Built as a working example rather than a fully polished enterprise platform, it showcases our approach to secure, local AI deployment while illustrating some foundational components from which we can develop custom solutions tailored to your specific business needs.
The Business Pressure Businesses face mounting pressure to adopt AI technologies to accelerate customer turnaround times, reduce operational costs, and respond to growing demand from customers and stakeholders.

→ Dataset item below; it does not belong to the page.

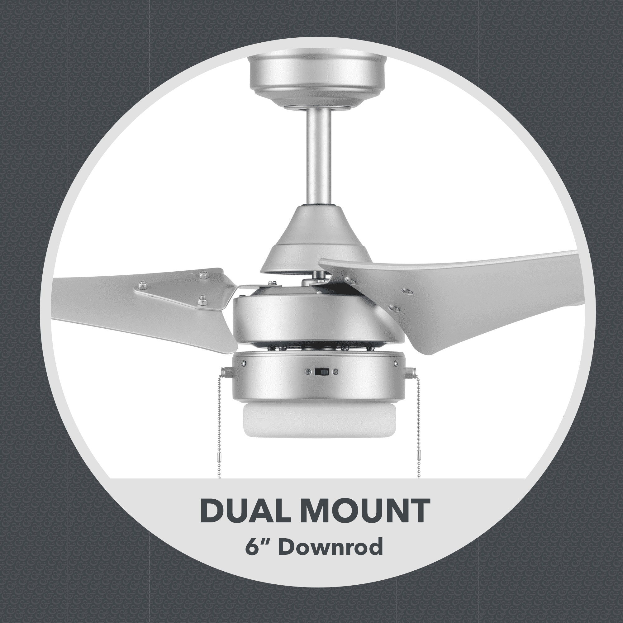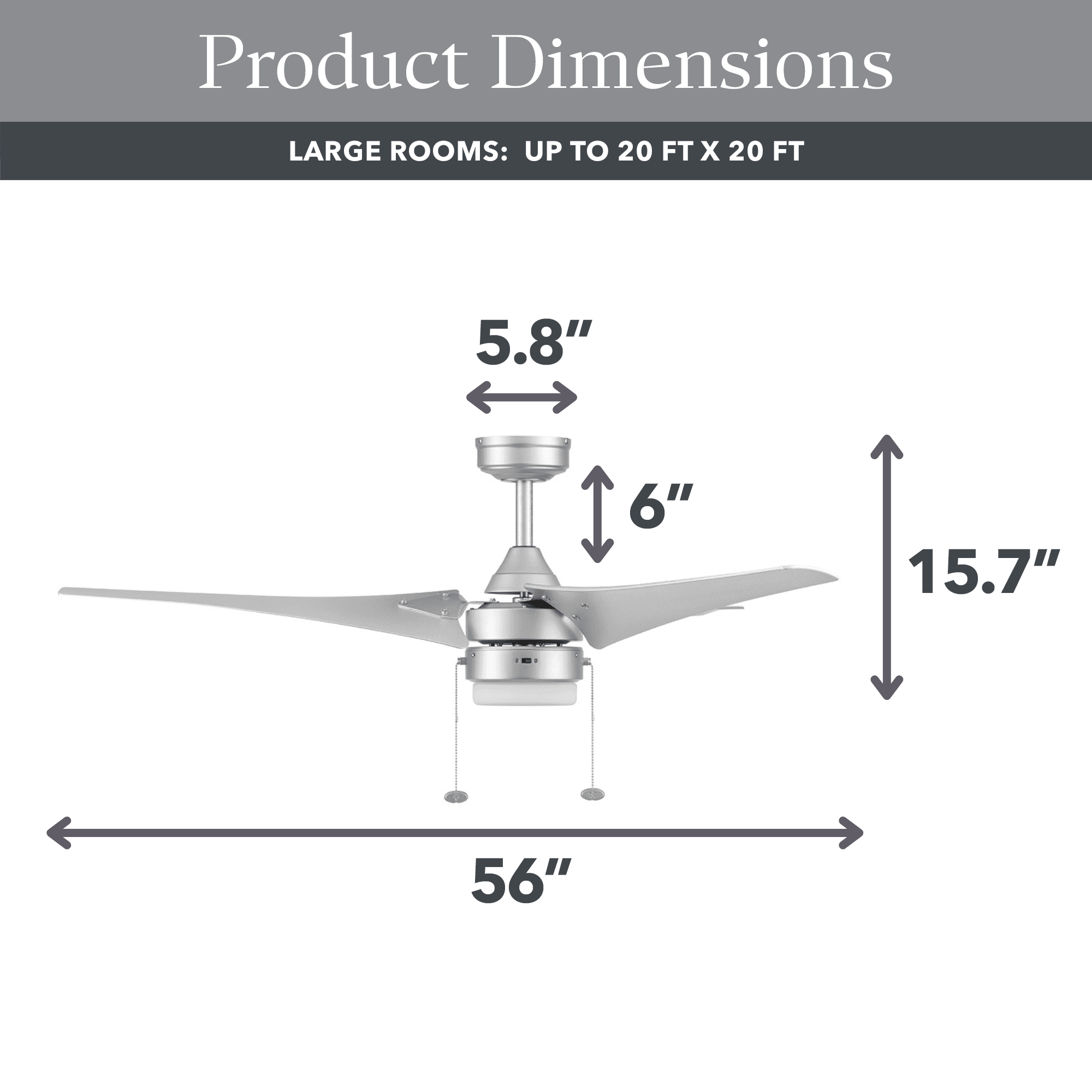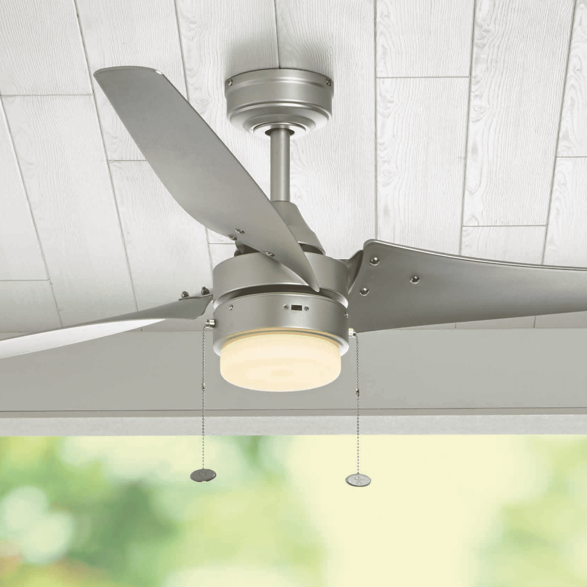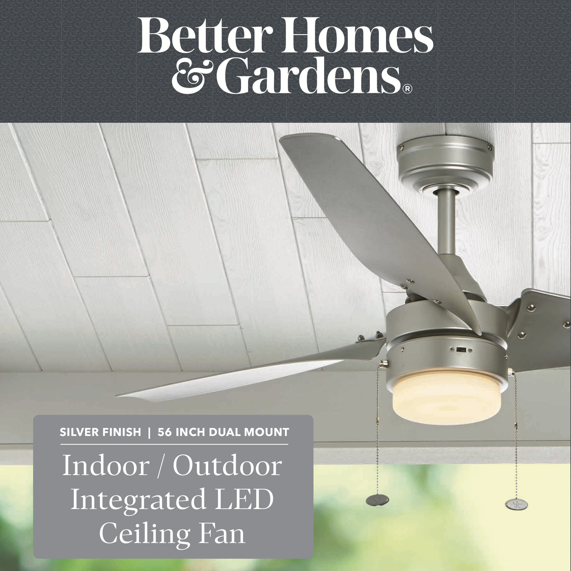 Better Homes & Gardens 56″ Silver Indoor/Outdoor Ceiling Fan with Integrated LED Light Kit: Damp rated for covered outdoor spaces such as porches and garages; can also be hung indoors Silver finish, 3 twisted plastic blades Frosted globe light kit houses dimmable integrated LED board (2000 lumens, 21 watts) Can be hung from standard or angled ceilings using the 6-in downrod that is included Easy-to-use pull chains are included for quick adjustments to the speed settings and light output Quiet, reversible motor circulates cool air in the summer and warm air in the winter, cutting down on energy costs 56 IN L x 56 IN W x15.7 IN H

However, this adoption is often hindered by data privacy policies that prohibit uploading sensitive documents to cloud services, restrictive usage limits and rate-limiting on platforms like ChatGPT and Claude, and capabilities that simply don’t match real-world business needs—such as the inability to process large document collections or maintain context across multiple files that are essential for comprehensive business analysis.
Enter Archivist
  • 100% Local Operation: Built to run entirely within your business environment, ensuring private documents never leave your secure perimeter
  • No Usage Limits: Operate without rate-limiting or usage restrictions that cause business delays—process as many documents and queries as needed, when you need them
  • No Subscription Fees: No cost to use the fully functional base version. A paid license enables users to upload and use more newer and more powerful AI models as they are released.
  • Advanced Document Management: Purpose-built capabilities that major cloud AI providers lack:
  • Convert business documents into AI-ready formats
  • Store documents in a persistent vector database for instant, ongoing retrieval
  • Advanced metadata operations provide granular control over file organization, enabling users to create project-specific groups, manage case files, organize course materials, and more
  • Precise citations and traceability to source documents ensure all generated outputs can be validated for accuracy
  • Data-export capabilities prevent vendor lock-in by preparing data for use with other AI platforms

Powered by IBM AI for Business

IBM has emerged as a leader in open-sourcing cutting-edge AI technologies specifically designed for business applications, releasing powerful tools that enterprises can deploy securely within their own infrastructure. IBM has leveraged their unimaginable access to business documents and paperwork to train AI models for various business-related use cases.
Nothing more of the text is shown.